TASK TO CARRY OUT: Copy the listing in full and exactly, omitting its images.

PROVIDED DATA:

= = = = = = =

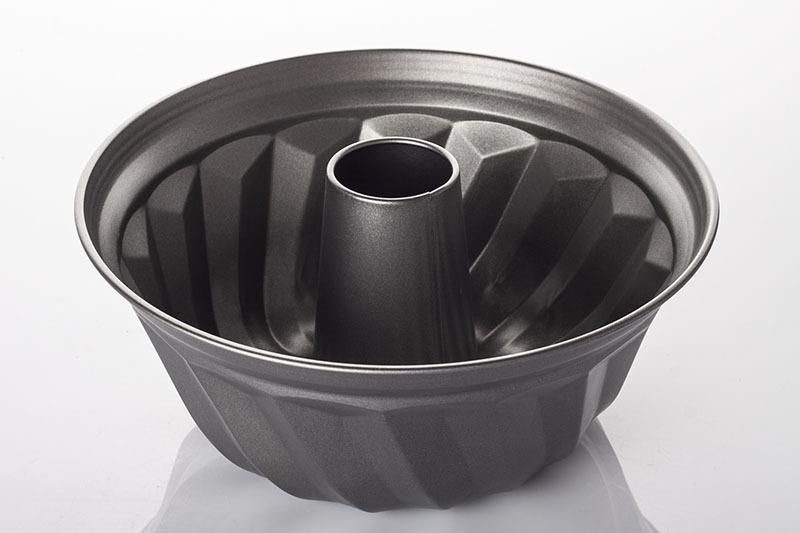 MR-1100-25 Okrągła forma do pieczenia babki 25 cm • forma do pieczenia babki / ciasta z kominem • średnica: 25 cm • wysokość: 11 cm • materiał wykonania: stal węglowa • można używać w temperaturze do 230°c • powłoka non stick zabezpieczająca przed
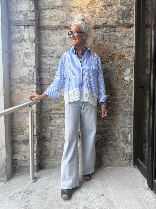 Wide Pinstripe Shirt with Lace Detail- Chambray Blue and White
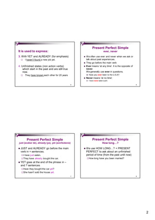 The document discusses the present perfect simple tense in English. It provides examples of its use to express past experiences, recent past actions, unfinished states, and actions that began in the past and continue in the present. Key points include using the present perfect with words like "yet", "already", and "for" and "since" to indicate a period of time. The difference between using the past simple and present perfect is explained, with the past simple used for finished actions and the present perfect connecting the past to the present. Practice questions are provided to illustrate using each tense appropriately.

= = = = = = =

WRITTEN SOLUTION:
 MR-1100-25 Okrągła forma do pieczenia babki 25 cm • forma do pieczenia babki / ciasta z kominem • średnica: 25 cm • wysokość: 11 cm • materiał wykonania: stal węglowa • można używać w temperaturze do 230°c • powłoka non stick zabezpieczająca przed
 Wide Pinstripe Shirt with Lace Detail- Chambray Blue and White
 The document discusses the present perfect simple tense in English. It provides examples of its use to express past experiences, recent past actions, unfinished states, and actions that began in the past and continue in the present. Key points include using the present perfect with words like "yet", "already", and "for" and "since" to indicate a period of time. The difference between using the past simple and present perfect is explained, with the past simple used for finished actions and the present perfect connecting the past to the present. Practice questions are provided to illustrate using each tense appropriately.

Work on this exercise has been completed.